One of the projects that my group has made significant progress on this past year is the identification of a specific cell type and a specific protein that may be useful in predicting whether a cancer has recurred, well before this cancer can be detected by currently available radiologic imaging techniques.  Our work suggests that the levels of a specific protein called thrombospondin-1 that is involved in the process of angiogenesis, may indicate the re-growth of a tumor.  This protein is detected in platelets, small cells that circulate in the blood stream known to be important for wound healing, clotting and tumor growth.  We continue to utilize mouse models of tumor growth and cancer to investigate the role of platelets in tumorigenesis and specifically how the protein thrombospondin-1 contributes to this process.

In these economically challenging times, obtaining funding from the federal government and specifically the National Institutes of Health (NIH) continues to be difficult.  Your support of our research enables us to continue our focus on multiple projects in order to comprehensively study cancer growth and prevention from the specific angle of understanding the process of angiogenesis.

With gratitude for your support!

Sandra

 

 

Sandra Ryeom, Ph.D.

Vascular Biology

Children’s Hospital

Harvard Medical School

300 Longwood Ave

Boston, MA 02115

sandra.ryeom@childrens.harvard.edu

 

Research Update: September 2007

              My group has been focused on understanding how to stop angiogenesis, or the formation of new blood vessels to support tumor growth.  We have recently made progress on two major projects in the lab.

              • We have been trying to understand how Down syndrome individuals are protected against cancer.  Specifically we have been investigating which gene (or genes) on chromosome 21 may be involved in preventing cancer in this population.  Recently, our work using mouse models of Down syndrome have identified one of the genes involved in preventing cancer in this population.  This gene is referred to as the Down Syndrome Candidate Region-1 (DSCR1) gene and was initially identified due to its location on chromosome 21.  It is now known to be involved in blocking angiogenesis and our initial studies show that DSCR1 may play a significant role in preventing cancer in the Down syndrome population.  DSCR1 may function to block angiogenesis and ultimately prevent tumor growth. The goal of this work is to determine whether the DSCR1 gene product can be utilized as preventative anti-cancer therapy for the non-Down syndrome population.

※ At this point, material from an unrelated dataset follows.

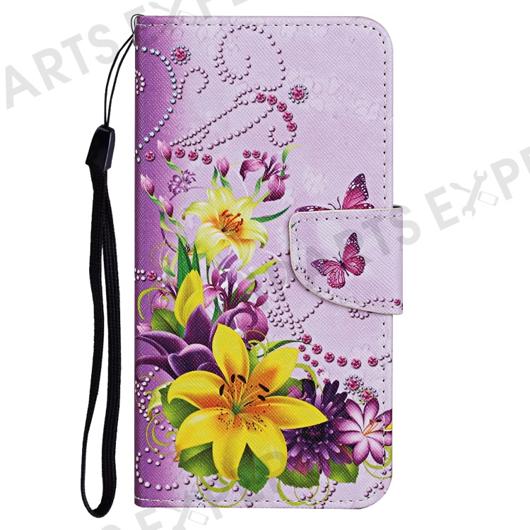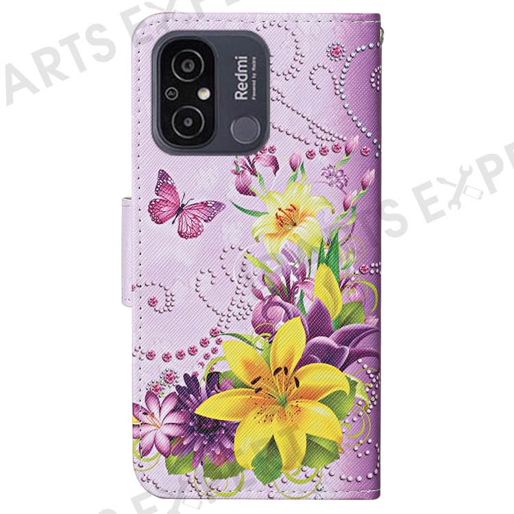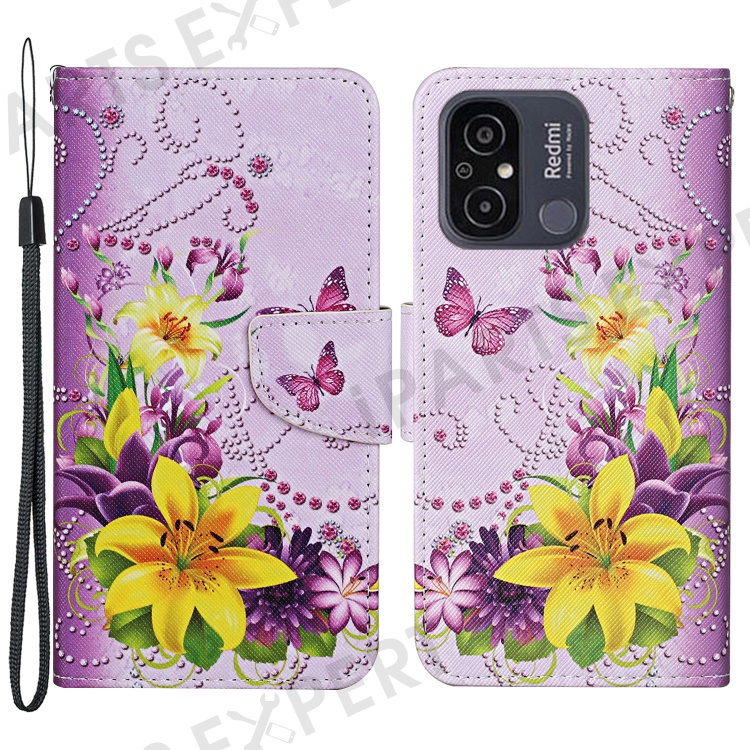 For Xiaomi Redmi 12C 4G PU Leather Flip Phone Case Pattern Printing Stand Wrist Strap Wallet Cover - Yellow Flowers / Butterflies

              • Another project in the lab has been focused on understanding how mutations in the hereditary breast cancer gene BRCA1, may initiate tumor growth.  Women with a mutation in this gene have a 65% risk of developing breast cancer.  Recent studies in our lab suggests that one of the previously unexplored functions of this gene may be to regulate proteins that block angiogenesis or prevent blood vessel growth to nourish tumor cells.  We are investigating how BRCA1 regulates angiogenesis and this work may allow us to treat women with BRCA1 mutations with non-toxic anti-angiogenic therapies.  These prophylactic therapies may suppress angiogenesis and thus prevent the growth of breast and ovarian tumors.

 

Your support of our work is very much appreciated!